Join us for a film screening of Four Colours, followed by a Q&A with film director Aldo Guerrero, lawyer and political scientist Emilio Dabed and playwright Ismail Khalidi.

This screening is co-presented by the Institute of Latin American Studies at Columbia University and the Columbia Global Center in Santiago.


Advanced registration for this Zoom Webinar is required.

Aldo Guerrero is a Chilean producer, director and filmmaker. After years of experience in the film and television industry, he founded the audiovisual production company Artefactovisual. Guerrero is well known in Chile as a producer and director of popular music videos, the most famous being the global hit Somos Sur, which featured Grammy-nominated Chilean rapper Ana Tijoux and the British-Palestinian “first lady of Arabic Hip Hop,” Shadia Mansour. In recent years, Guerrero has also become involved in documentary filmmaking, creating projects that link Chile’s large Palestinian community with those in Palestine and the wider diaspora.
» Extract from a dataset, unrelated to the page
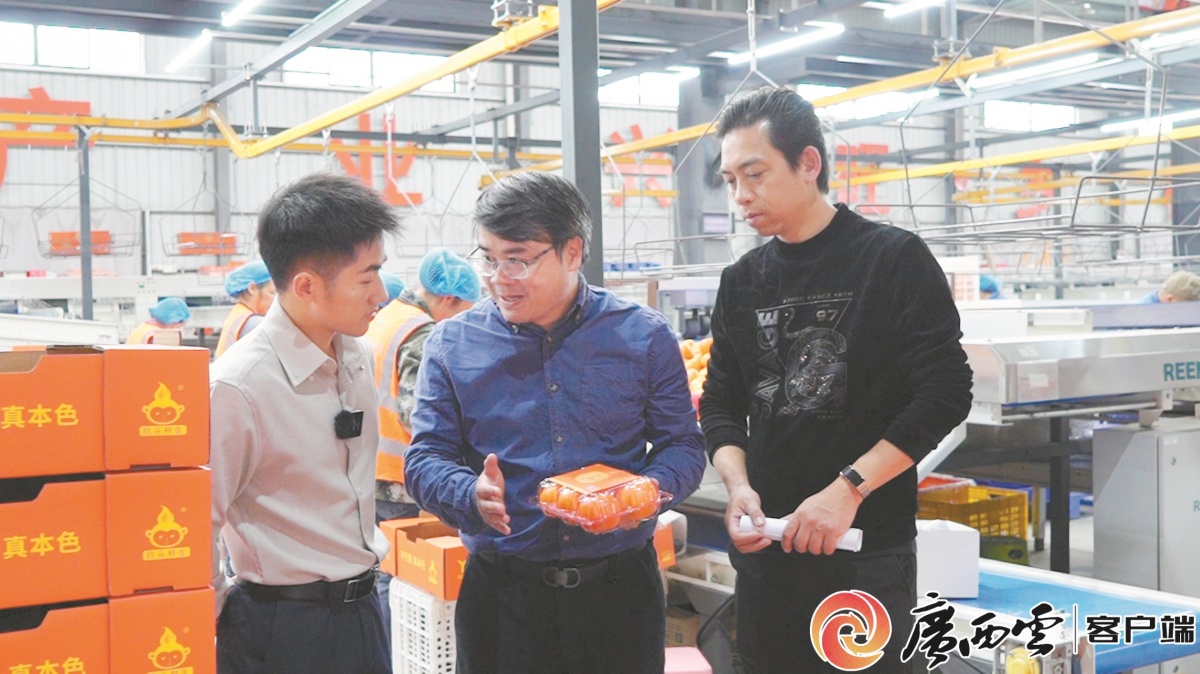 记者在广西鸣鸣果业有限公司东威分选厂看到,分选线上,工人和机器忙碌地运转,按照沃柑的果径、品相开展分类、打包工作。

Emilio Dabed is a lawyer and political scientist (Science Po-Aix en Provence, France) specializing in constitutional matters, international law and human rights. Currently, he is Adjunct Professor at Osgoode Hall Law School, York University in Toronto, and Visiting Fellow at the Nathanson Center on Transnational Human Rights, Crime and Security. Previously, he was a Researcher and Visiting Professor at An-Najah National University Law School, Nablus, Palestine, and consultant for the Capacity Development in Higher Legal Education project in An-Najah University in cooperation with the Center for International Legal Cooperation Amsterdam-Netherlands (2017-2018). Between 2015 and 2016 Dr. Dabed was the Palestine and Law Fellow and Adjunct Assistant Professor of Law at Columbia University Law School-Center for Palestine Studies; during the years 2014 and 2015 he directed the International Law and Human Rights Program at Al-Quds/Bard College, Jerusalem, where he taught between 2011 and 2015. He also taught critical legal theory and philosophy of law in Diego Portales University, Santiago, Chile, both as a teaching assistant and then as professor of law theory.

Ismail Khalidi’s plays include Truth Serum Blues (Pangea World Theater ‘05), Tennis in Nablus (Alliance Theatre ‘10), Foot (Teatro Amal ‘16), Sabra Falling (Pangea ‘17), and Dead Are My People (Noor Theatre ’18). He also co-adapted, with Naomi Wallace, two novels for the stage; Ghassan Kanafani’s Returning to Haifa (Finborough Theatre ‘18) and Sinan Antoon’s The Corpse Washer (Actors Theatre of Louisville ‘19). Khalidi’s work has been included in numerous anthologies and with Wallace he co-edited another, entitled Inside/Outside: Six Plays from Palestine and the Diaspora (TCG ‘15). His writing has been featured in American Theatre Magazine, The Kenyon Review, The Nation, Mizna, Guernica, The Dramatist and ReMezcla. Khalidi holds an MFA from NYU’s Tisch School of the Arts.


Palestine Cuts is generously supported by Jeanne & Ken Levy-Church.